All commands accept --query, which is passed to Drive’s files.list(q=...). Examples:

  • Only items in a folder:
    • --query "'<FOLDER_ID>' in parents"
  • Only PDFs:
    • --query "mimeType='application/pdf'"
  • Only large files (note: size is bytes):
    • --query "size > 1073741824"

Notes / gotchas

  • This tool includes “Shared drives” results as well (supportsAllDrives=true). If you don’t have permission to trash an item, it will fail and be reported.
  • The token cache (token.json) and OAuth secrets (credentials.json) are ignored by git via .gitignore.

Dropbox → OneDrive import

If you have a Dropbox shared-folder link and want it copied into your OneDrive, use dropbox_to_onedrive.py.

OneDrive setup (Microsoft Graph)

  1. In Azure Portal → App registrationsNew registration
    • Supported account types: pick what matches you (or use “Accounts in any organizational directory and personal Microsoft accounts”)
  2. In the app → Authentication
    • Enable Allow public client flows (device-code login)
  3. In the app → API permissionsMicrosoft GraphDelegated permissions
    • Add: Files.ReadWrite.All
    • Add: User.Read

Then copy the Application (client) ID and set it as an environment variable:

export ONEDRIVE_CLIENT_ID="YOUR_CLIENT_ID"

Run the import

Dry-run (no uploads, just shows what will be uploaded):

python3 dropbox_to_onedrive.py --dropbox-url "<DROPBOX_SHARED_FOLDER_URL>" --dry-run

Upload into a named folder in your OneDrive root:

python3 dropbox_to_onedrive.py --dropbox-url "<DROPBOX_SHARED_FOLDER_URL>" --onedrive-folder "Dropbox Import"

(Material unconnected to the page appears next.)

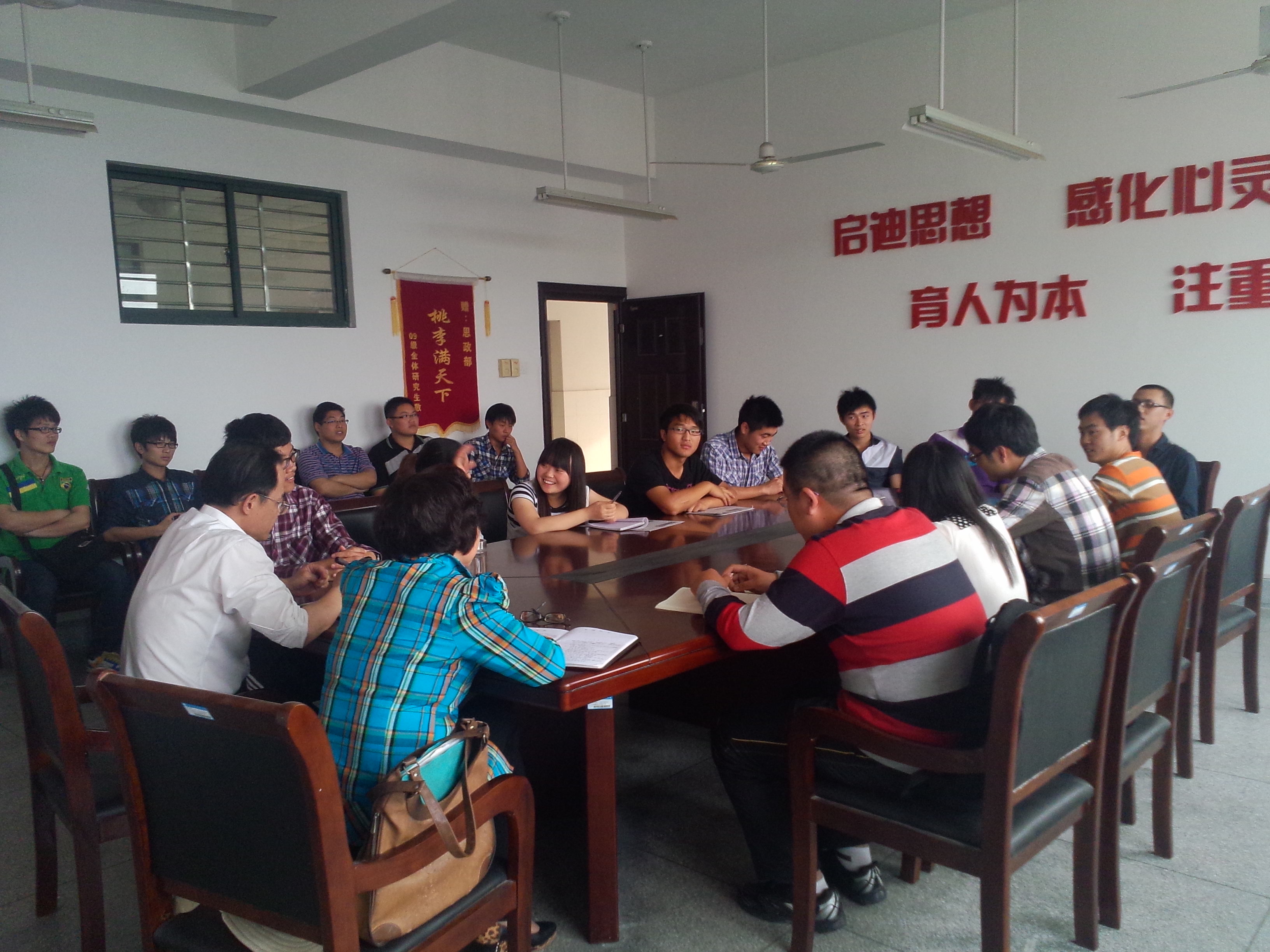 2013年5月3日下午,思政部《马克思主义基本原理概论》课程组在思政部会议室召开了来自全校21名学生代表参加的本学期学生座谈会。座谈会上,师生围坐在一起气氛融洽,主题就本学期开设的《马克思主义基本原理概论》课程授课情况进行交流。

The script will print a device login code and URL the first time; complete that in your browser to authorize OneDrive access.

Optional: run a Windows VM locally (Docker/KVM)

If you need a real Windows environment (for example, to use Windows-only tooling alongside this repo), you can run a local Windows VM using the upstream project dockur/windows:

  • Repo: https://github.com/dockur/windows

Notes:

  • This requires a Linux host with hardware virtualization enabled and access to KVM (/dev/kvm).
  • Follow the upstream README for the current recommended docker run / compose configuration and Windows version/ISO options.